RATTANINDIA POWER LIMITED v. MAHARASHTRA STATE ELECTRICITY DISTRIBUTION COMPANY LIMITED
Carrying Cost Computation in "Change in Law" Events: Supreme Court Clarifies APTEL's Role, Cross-Appeal Necessity, and Remands on Compounding Interest.
Court: Supreme Court of India
Citation: 2025 INSC 1502
Decision Date: 10-12-2025
List of Laws
The Electricity Act, 2003; Power Purchase Agreement (PPA); Code of Civil Procedure, 1908; Constitution of India, Article 136; Principle of Restitution; Late Payment Surcharge (LPS); Carrying Cost
- Facts: RattanIndia Power Limited (RPL) is supplying power to Maharashtra State Electricity Distribution Company Limited (MSEDCL) under two long-term Power Purchase Agreements (PPAs). Disputes arose regarding compensation for "Change in Law" events, specifically concerning the carrying cost and the rate at which it should be computed. RPL sought compensation, including carrying costs, from the date of commencement of power supply. MERC (Maharashtra Electricity Regulatory Commission) initially allowed certain claims but denied carrying costs, stating the PPAs did not provide for it.

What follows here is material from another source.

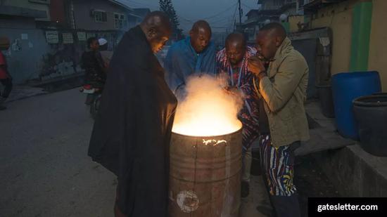 ▲在尼日利亚的拉各斯,人们在火边围成一团。

- Procedural Posture: RPL appealed to APTEL (Appellate Tribunal For Electricity), which partly allowed the appeal and remanded the matter to MERC for fresh decision. MERC then partly allowed RPL's application, awarding compensation including carrying costs, but computed the carrying cost at a simple interest rate based on working capital, not the Late Payment Surcharge (LPS) rate with compounding interest as claimed by RPL. RPL then appealed to the Supreme Court against the denial of LPS rate of interest on a compounding basis.
- Issue: The core issues before the Supreme Court were: (i) Whether LPS on Carrying Cost had to be paid to the Appellant under the remand order dated 18.10.2022 and that too, without compounding of interest? (ii) Whether, in absence of a cross-appeal against the impugned order, the direction to pay LPS on Carrying Cost cannot be questioned by the first respondent? (iii) Whether the direction to pay Carrying Cost with LPS is liable to be interfered with in exercise of powers under Article 136 of the Constitution? (iv) Whether direction to pay Carrying Cost with interest at LPS rate would include compounding of interest as per LPS provision in the PPA?

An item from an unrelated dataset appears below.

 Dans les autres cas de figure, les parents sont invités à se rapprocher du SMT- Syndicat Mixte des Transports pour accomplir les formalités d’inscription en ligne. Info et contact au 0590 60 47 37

- Holding: The Supreme Court held that APTEL erred in holding that it could not look beyond the remand order regarding the grant of LPS benefit. The Court also held that MSEDCL, by not filing a cross-appeal, had given up its right to challenge the award of carrying cost with interest at LPS rate. The Court deemed it appropriate to remand the matter back to APTEL to decide the issue of compounding of interest based on the facts of the case and in accordance with the law, clarifying that the grant of interest at LPS rate should not be disturbed.
- Reasoning: The Court reasoned that while the remand order directed MERC to consider observations in earlier orders, it did not preclude MERC or APTEL from taking notice of the law relating to the grant of LPS benefit. The Court emphasized that when a matter is remanded, the lis remains alive and must be decided according to the law applicable on the date of the decision. Regarding the absence of a cross-appeal, the Court relied on the principle established in Banarsi v. Ram Phal, stating that a respondent cannot question the correctness of an operative order without filing a cross-appeal. The Court also noted that while statutory limitations cannot override constitutional powers, the exercise of such powers in commercial matters should be exceptional. Finally, regarding compounding of interest, the Court referred to Uttar Haryana Bijli Vitran Nigam Ltd. v. Adani Power (Mundra) Ltd., which supported the grant of compound interest on carrying costs to restore the affected party's economic position, but stated that the specific determination of whether compounding is necessary depends on the facts of the case.